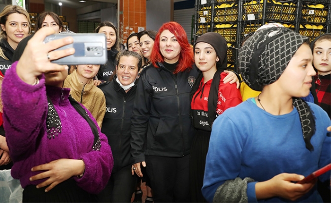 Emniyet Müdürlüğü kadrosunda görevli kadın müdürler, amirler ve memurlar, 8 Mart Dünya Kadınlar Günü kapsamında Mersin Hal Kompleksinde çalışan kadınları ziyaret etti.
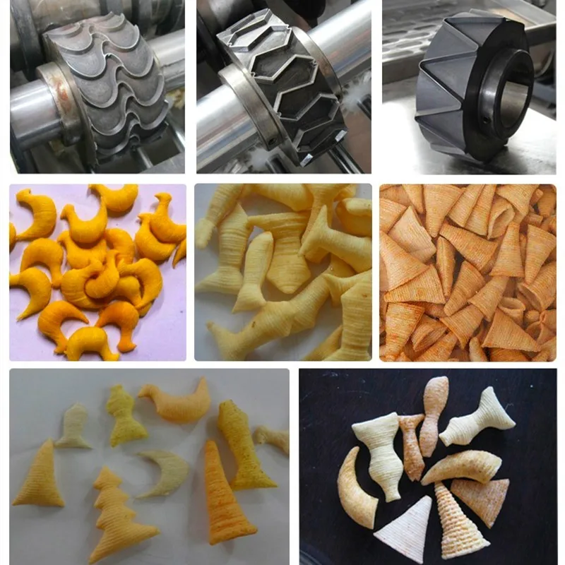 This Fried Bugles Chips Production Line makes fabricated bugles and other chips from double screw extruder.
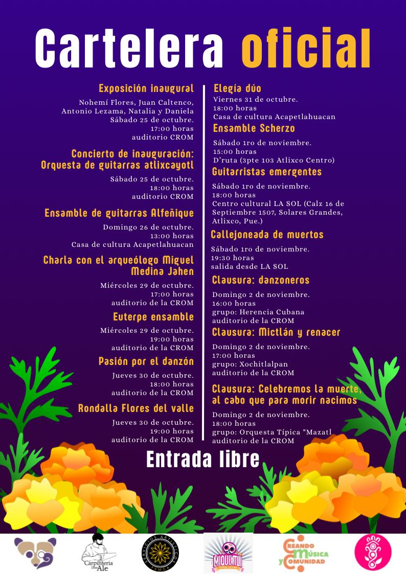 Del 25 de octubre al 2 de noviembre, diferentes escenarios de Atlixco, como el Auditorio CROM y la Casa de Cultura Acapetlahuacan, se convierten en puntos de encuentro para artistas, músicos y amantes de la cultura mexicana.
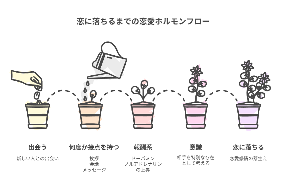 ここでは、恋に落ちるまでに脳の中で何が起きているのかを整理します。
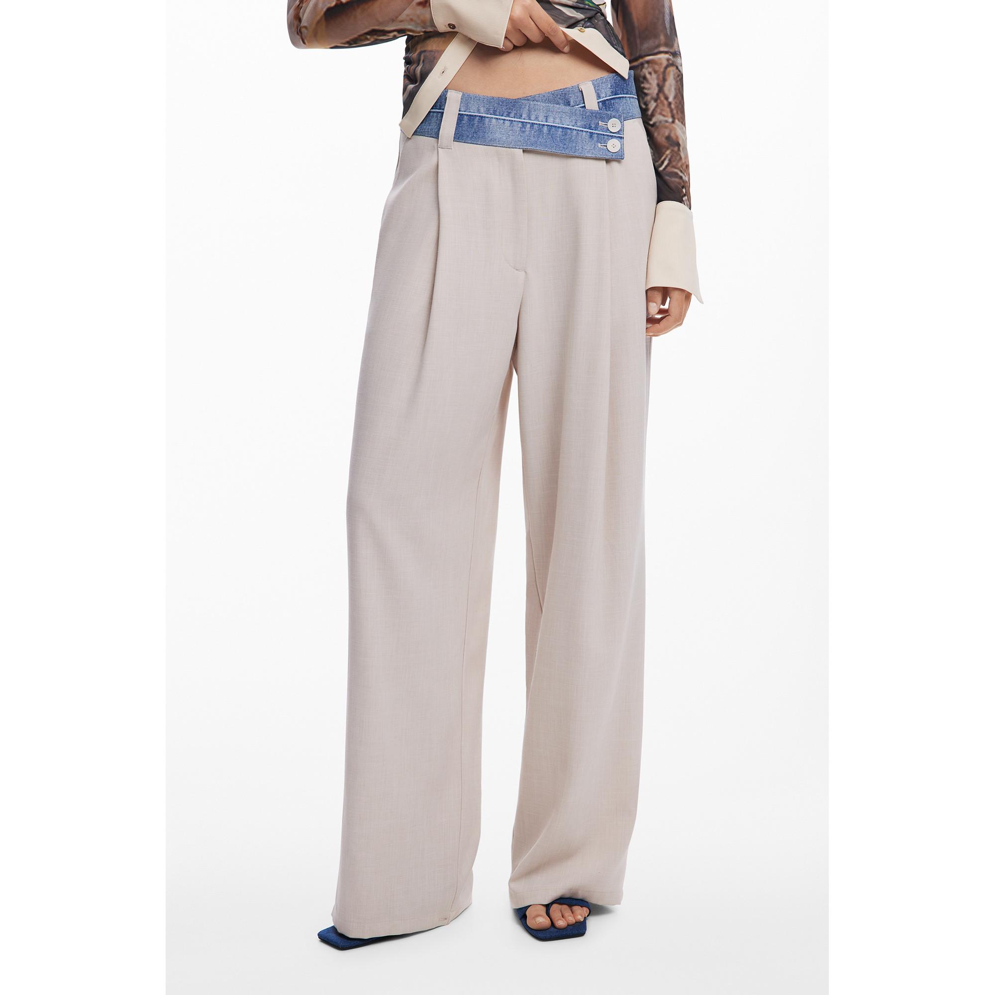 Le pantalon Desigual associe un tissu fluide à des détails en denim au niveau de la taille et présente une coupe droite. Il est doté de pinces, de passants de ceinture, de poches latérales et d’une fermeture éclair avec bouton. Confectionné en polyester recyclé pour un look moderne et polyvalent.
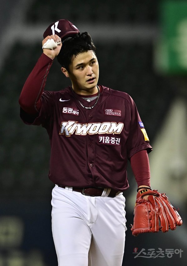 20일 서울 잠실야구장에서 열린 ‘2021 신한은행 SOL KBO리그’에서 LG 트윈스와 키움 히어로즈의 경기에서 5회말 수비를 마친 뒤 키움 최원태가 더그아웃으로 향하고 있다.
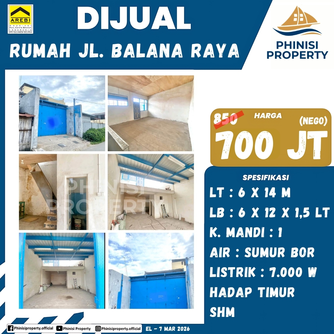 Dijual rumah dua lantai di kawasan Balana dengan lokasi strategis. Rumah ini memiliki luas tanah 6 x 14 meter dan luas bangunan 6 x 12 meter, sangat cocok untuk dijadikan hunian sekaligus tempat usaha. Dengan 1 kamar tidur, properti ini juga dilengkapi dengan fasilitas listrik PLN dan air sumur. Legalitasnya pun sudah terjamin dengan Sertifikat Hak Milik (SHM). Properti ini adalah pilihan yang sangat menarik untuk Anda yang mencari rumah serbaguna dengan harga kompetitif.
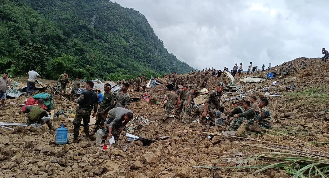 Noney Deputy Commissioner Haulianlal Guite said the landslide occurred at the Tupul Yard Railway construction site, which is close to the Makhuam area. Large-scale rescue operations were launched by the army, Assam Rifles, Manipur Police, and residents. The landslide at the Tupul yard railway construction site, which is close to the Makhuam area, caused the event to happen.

····················

» **Your assignment**: Omitting the pictures, copy each record above exactly as it stands.

» **Solution below**:
 Emniyet Müdürlüğü kadrosunda görevli kadın müdürler, amirler ve memurlar, 8 Mart Dünya Kadınlar Günü kapsamında Mersin Hal Kompleksinde çalışan kadınları ziyaret etti.
 This Fried Bugles Chips Production Line makes fabricated bugles and other chips from double screw extruder.
 Del 25 de octubre al 2 de noviembre, diferentes escenarios de Atlixco, como el Auditorio CROM y la Casa de Cultura Acapetlahuacan, se convierten en puntos de encuentro para artistas, músicos y amantes de la cultura mexicana.
 ここでは、恋に落ちるまでに脳の中で何が起きているのかを整理します。
 Le pantalon Desigual associe un tissu fluide à des détails en denim au niveau de la taille et présente une coupe droite. Il est doté de pinces, de passants de ceinture, de poches latérales et d’une fermeture éclair avec bouton. Confectionné en polyester recyclé pour un look moderne et polyvalent.
 20일 서울 잠실야구장에서 열린 ‘2021 신한은행 SOL KBO리그’에서 LG 트윈스와 키움 히어로즈의 경기에서 5회말 수비를 마친 뒤 키움 최원태가 더그아웃으로 향하고 있다.
 Dijual rumah dua lantai di kawasan Balana dengan lokasi strategis. Rumah ini memiliki luas tanah 6 x 14 meter dan luas bangunan 6 x 12 meter, sangat cocok untuk dijadikan hunian sekaligus tempat usaha. Dengan 1 kamar tidur, properti ini juga dilengkapi dengan fasilitas listrik PLN dan air sumur. Legalitasnya pun sudah terjamin dengan Sertifikat Hak Milik (SHM). Properti ini adalah pilihan yang sangat menarik untuk Anda yang mencari rumah serbaguna dengan harga kompetitif.
 Noney Deputy Commissioner Haulianlal Guite said the landslide occurred at the Tupul Yard Railway construction site, which is close to the Makhuam area. Large-scale rescue operations were launched by the army, Assam Rifles, Manipur Police, and residents. The landslide at the Tupul yard railway construction site, which is close to the Makhuam area, caused the event to happen.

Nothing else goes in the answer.